File descriptor limit issues with large number of entries
From: Jeff Dost <firstname.lastname@example.org>
Subject: Factory glideFactoryEntryGroup.py not respecting FD limits
Date: February 5, 2015 at 7:12:16 PM CST
To: "email@example.com" <firstname.lastname@example.org>
Hello glideinWMS support,
I am in the process of trying out a test factory where I have about 600 entries in it. After reconfig, it is no longer able to stay up. Below  is the error I see in the factory log. It looks like the EntryGroup process is maintaining a hard coded maximum of 1024 FDs. Initially I tried manually increasing the hard and soft ulimit levels for the gfactory, but that only worked for the parent glideFactory process:
grep 'open files' /proc/25342/limits
Max open files 4096 4096 files
grep 'open files' /proc/25349/limits
Max open files 1024 1024 files
Poking around the code I found this (line 329 glideFactory.py, version v3_2_7_2):
childs[group] = subprocess.Popen(command_list, shell=False,
and sure enough, the _set_rlimit callback is hard coding to 1024:
resource.setrlimit(resource.RLIMIT_NOFILE, [1024, 1024])
In my opinion there is no good reason for this, it should just inherit whatever limits the glideFactory parent is set to.

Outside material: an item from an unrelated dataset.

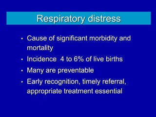 Respiratory distress is a common problem in newborns that can have various causes. It requires early recognition and treatment to prevent morbidity and mortality. The document discusses the causes, clinical presentation, diagnostic evaluation and management of respiratory distress in newborns. Evaluation involves detailed history, physical exam including assessment of respiratory rate, retractions, grunting and cyanosis. Investigations may include chest x-ray, blood gas analysis and sepsis workup. Management is supportive with oxygen therapy, fluid resuscitation and respiratory support as needed. Specific treatments target the underlying condition.

This way we can tweak the limits as needed on the gfactory user to avoid hitting them.
Can you please take a look?
[2015-02-05 16:06:16,777] WARNING: glideFactory:447: EntryGroup 0 STDERR: Traceback (most recent call last):
File "/usr/sbin/glideFactoryEntryGroup.py", line 729, in ?
File "/usr/sbin/glideFactoryEntryGroup.py", line 672, in main
File "/usr/lib/python2.4/site-packages/glideinwms/factory/glideFactoryEntry.py", line 91, in init
File "/usr/lib/python2.4/site-packages/glideinwms/lib/logSupport.py", line 232, in add_processlog_handler
File "/usr/lib/python2.4/site-packages/glideinwms/lib/logSupport.py", line 76, in init
File "/usr/lib64/python2.4/logging/handlers.py", line 59, in init
File "/usr/lib64/python2.4/logging/__init__.py", line 757, in init
IOError: [Errno 24] Too many open files: u'/var/log/gwms-factory/server/entry_UKI-SOUTHGRID-OX-HEP_t2ce06_longfive/UKI-SOUTHGRID-OX-HEP_t2ce06_longfive.err.log'
[2015-02-05 16:06:16,777] WARNING: glideFactory:454: EntryGroup 0 exited. Checking if it should be restarted.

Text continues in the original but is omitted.